= Romanticism in Poland =

Polish sociocultural movement (c. 1820 - 1864)

Romanticism in Poland, a literary, artistic and intellectual period in the evolution of Polish culture, began around 1820, coinciding with the publication of Adam Mickiewicz's first poems in 1822. It ended with the suppression of the January 1863 Uprising against the Russian Empire in 1864. The latter event ushered in a new era in Polish culture known as Positivism.

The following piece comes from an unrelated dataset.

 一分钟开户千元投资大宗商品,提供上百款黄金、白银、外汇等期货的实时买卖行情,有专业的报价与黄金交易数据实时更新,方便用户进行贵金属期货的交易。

Polish Romanticism, unlike Romanticism in some other parts of Europe, was not limited to literary and artistic concerns. Due to specific Polish historical circumstances, notably the partitions of Poland, it was also an ideological, philosophical, and political movement that expressed the ideals and way of life of a Polish society subjected to foreign rule and to ethnic and religious discrimination.

==History==
Polish Romanticism had two distinct periods in terms of its literary forms: 1820–1832, and 1832–1864. In the first period, Polish Romantics were strongly influenced by other European Romantics. Their art featured emotionalism and irrationality, fantasy and imagination, personality cults, folklore and country life, and the propagation of ideals of freedom. The most famous writers of the period were Adam Mickiewicz, Seweryn Goszczyński, Tomasz Zan and Maurycy Mochnacki.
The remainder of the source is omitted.